A useful link is www.iceteagroup.com - these guys know what they are about. And they are busy writing SQLWindows to .NET converters.
DodgyAccountant
Monday, January 19, 2004
http://www.integra.co.uk do a database for membership organisations which used a sqlbase backend - and I think they originally used the gupta tools. They're now moving to SQLServer and .NET.
Of course if dodgyaccountant works in Wimbledon, he may be able to shed additional light ;-)
A cynic writes
Monday, January 19, 2004
Hi Cynic
I don't work in Wimbledon but I knew someone who worked at Integra - he said they were a good outfit.
Integra's product was indeed written in SQLWindows.
DodgyAccountant
Monday, January 19, 2004
Curios what Guptra was, I did a Google search, and theres actually a Google Group for Centura Team Developer.

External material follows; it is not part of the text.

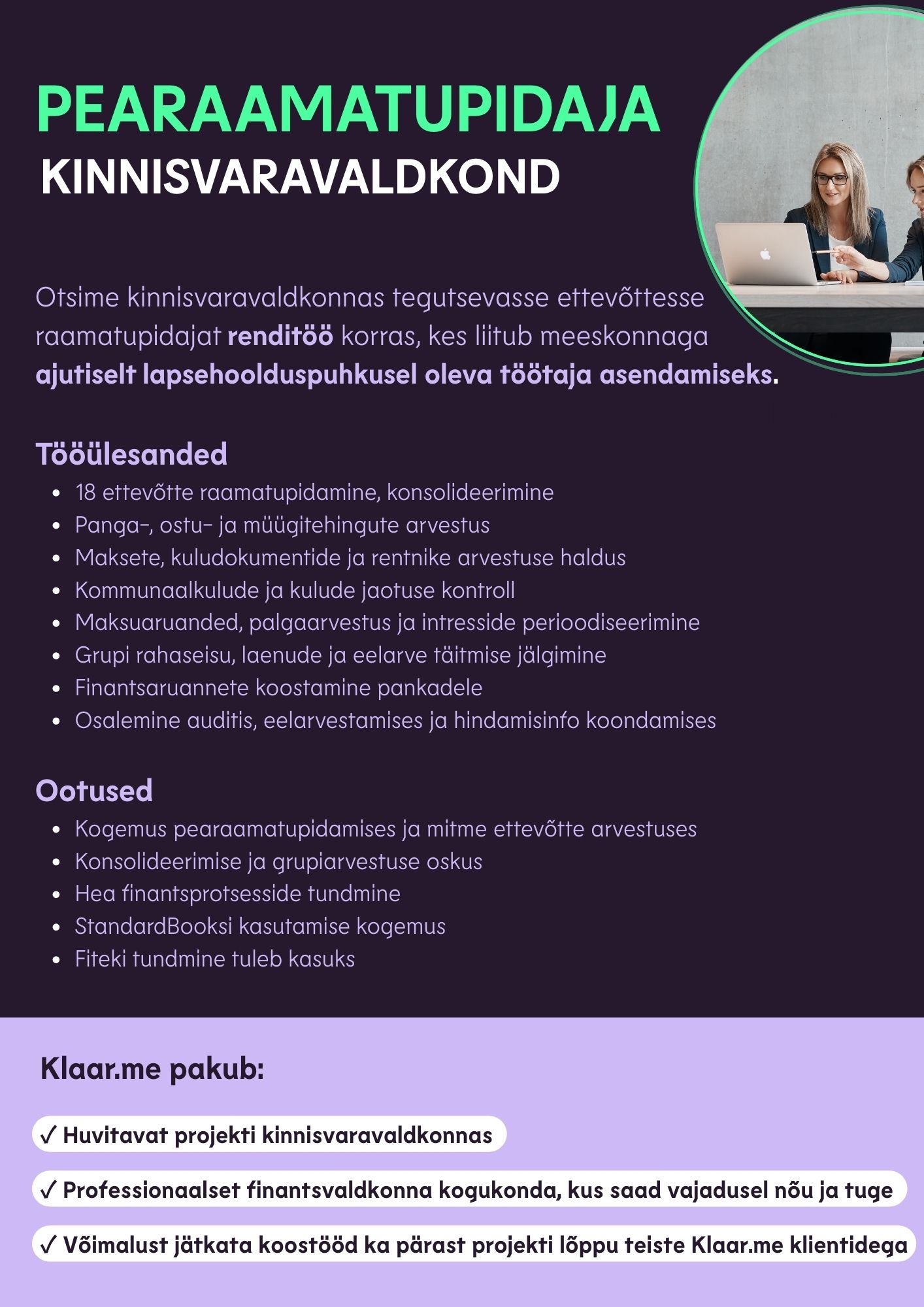 Klaar.me on Eesti esimene finantskompetentsikeskus, mis ühendab kogenud finantsvaldkonna professionaalid. Klaar.me madalaim finantskompetents on pearaamatupidaja.

http://groups.google.com/groups?hl=en&lr=&ie=UTF-8&oe=UTF-8&group=forum.centura.team.developer
That that helps.
Nick
Monday, January 19, 2004
The centura Gupta groups is inactive !! Dont use Google
Use this newsgroup instead and post using Netscape messenger or outlook express
http://www.guptaworldwide.com/DevCenter/Default.aspx#newsgroups
Subscribe to "MArketing feedback" and post your query
Kar
Monday, January 19, 2004
I worked in GUPTA for about 3 years in the early nineties.
I thought it was a great product with superior OO functionality. It's main competition was Powerbuilder not VB.
However the market penetration of the product seemed to decline from about 95 onwards, and as I couldn't make money out of it I lost interest in it.
Great product though.
Ch 10
Monday, January 19, 2004
Wow, it is beyond my wildest imagination that someone actually still works with this product from the early 90's. My head is STILL spinning.